AVAILABLE DATA:
◆ ◆ ◆ ◆
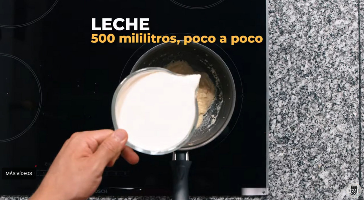 Añadir la leche poco a poco. Revolver por 8 minutos aproximadamente a fuego bajo, hasta espesar y obtener una salsa bechamel suave. Sazonar con sal, pimienta y nuez moscada.
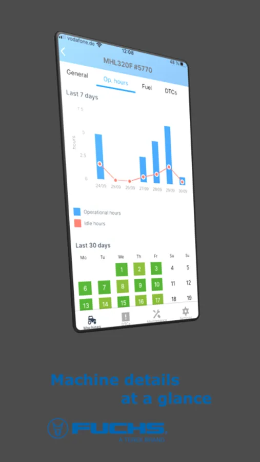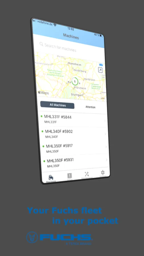 In addition to the Fuchs Connect telematics portal, you can use the Fuchs Connect app to easily access your Fuchs fleet data with your existing account.
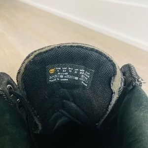 Good condition Timberland denim boots. Sole and flap a bit worn out. Otherwise sturdy shoes.
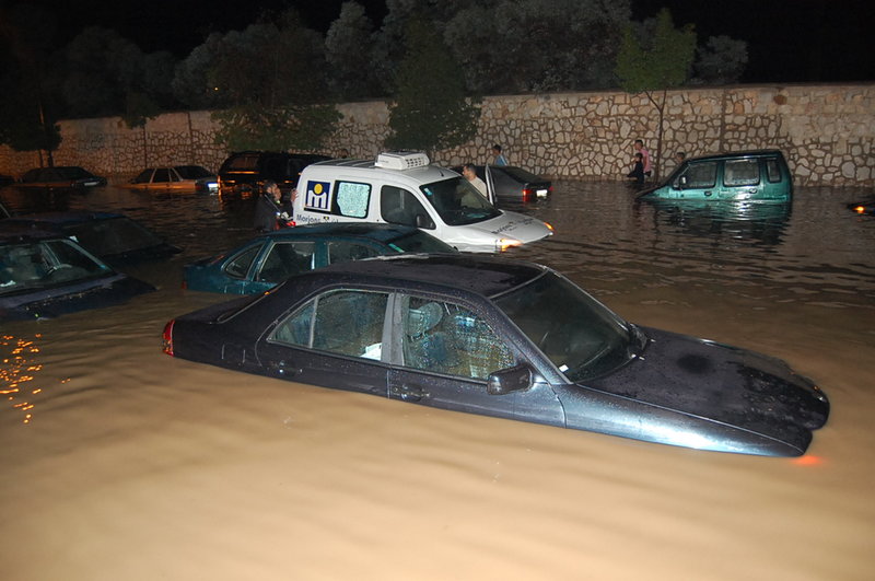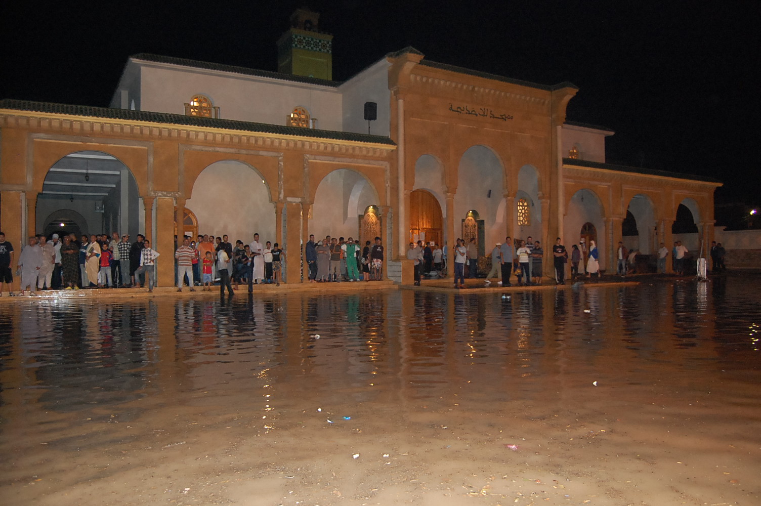 أغرقت مياه الأمطار سيارات المصلين الذين أوقفوها على جانب الرصيف، ولم يكونوا يتصورن أبدا أن الطريق المحيطة بالمسجد يمكن أن تتحول إلى نهر جارف والساحة إلى بحيرة ابتلعت الزرابية والحصير والأحدية، ينظرون مشدوهين عاجزين عن إنقاذها، طريق أنجزت معقوفة وساحة دون مستوى الشوارع المجاورة تستقبل المياه الجارية في ظل انعدام قنوات لصرف المياه، ووصلت عناصر الوقاية المدينة ساعة بعد نهاية الصلاة لضخ المياه عبر شاحنة واحدة، في الوقت الذي كان المواطنون منهم عدد كبير من الأطفال يعملون على مساعدة أصحاب السيارات بدفعها وإخراجها إلى البحيرة، مع الإشارة إلى أن أحدى طرقي الشارع الثنائي مولاي الحسن تحول إلى واد في الوقت الذي ظل الطريق الموازي عكس ذلك.
◆ ◆ ◆ ◆
TASK: Reproduce exactly the lines from the beginning of the material down to the line containing "In addition to", both ends included, but not the pictures or anything after.

OUTPUT:
 Añadir la leche poco a poco. Revolver por 8 minutos aproximadamente a fuego bajo, hasta espesar y obtener una salsa bechamel suave. Sazonar con sal, pimienta y nuez moscada.
 In addition to the Fuchs Connect telematics portal, you can use the Fuchs Connect app to easily access your Fuchs fleet data with your existing account.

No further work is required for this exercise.